UPDATED 18:24 EDT / JUNE 29 2017

NEWS

Edge centers: hyperconverged technology for IIoT&P

This is a Wikibon Voice of the Community Report, sponsored by Dell EMC. Voice of the Community posts are identified paid posts that appear on all pages of SiliconANGLE.com, supporting editorial efforts.

Premise

IIoT&P edge computing is gaining traction in business. New hyperconverged infrastructure technologies can be employed to add scale and flexibility to most complex edge environments.

Introduction

The Industrial Internet of Things and People, or IIoT&P, is reshaping business. Once the province of supervisory control and data acquisition, known as SCADA, in discreet and process manufacturing verticals, businesses of all sizes and shapes are exploring use cases for combining IIoT&P sensor, actuator, analytic and cloud technologies into differentiated business systems that can reduce costs, improve operations and enhance customer experience.

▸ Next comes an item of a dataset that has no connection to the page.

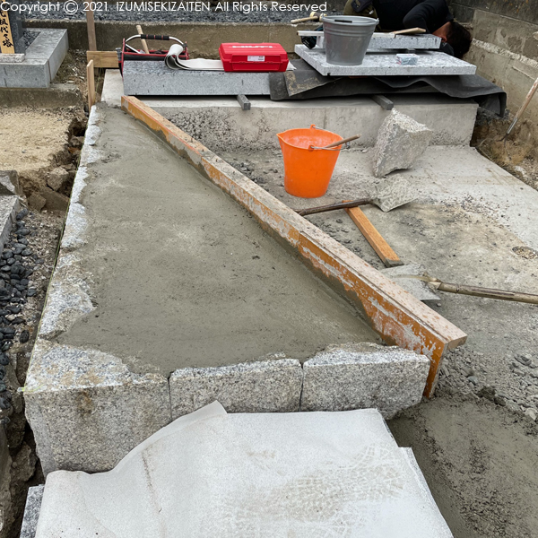 東浦で施工中のお墓が山場を迎えています。大きな重機でガチャガチャ材料を動かしている所はお墓の品質とは直接関係ありません。石屋の側が大変だと勝手に思っているだけ。施主様からすれば写真のような見えなくなってしまう場所の施工をどうしているかが一番大切なのです。この日は間知石の裏込めをしたのですが、コンクリートの配合等細かな調整が必要となります。階段等で比較的高低差が出るお墓の場合、後々白華(エフロ)の問題が出てきます。2年ほど前から2種類の防水剤を比較していますが、今年中には銘柄を絞り込みたいと思います。この辺りの対応が出来ていないと悲惨な結末になります。正しい知識できちんとした施工を行わないと後からでは手遅れ。

However, as IT leaders plow the application greenfield for IIoT&P, they are encountering physical, infrastructure, cost and organizational realities that demand considerate, architectural treatment. A new set of technology choices and disciplines – edge computing – is emerging to address these realities.

But what is edge computing? Is it just general-purpose SCADA? A last-ditch attempt by information technology traditionalists to hold back cloud advances into businesses? As an IT professional, is there something deeper that you need to understand to help you choose outcomes, guide strategy and lead changes related to edge computing?

To answer these and other questions, Wikibon convened a CrowdChat to discuss the impacts of industrial IoT&P on technology architecture. For an hour in late January 2017, 60 industry experts who are part of the Wikibon community met online to discuss this topic. The conversation comprised over 200 collaborative observations that generated nearly 600,000 customer impressions. Among the key findings from the collaboration:

  • Most businesses will be strongly impacted by IIoT&P.
  • Edge IIoT&P requirements will have a dominant effect on technology architecture overall.
  • Edge technology selection will be driven by data physics, regulation, security and cost realities.
  • Managing IIoT&P will force a reorganization of IT, OT and technology sourcing strategies.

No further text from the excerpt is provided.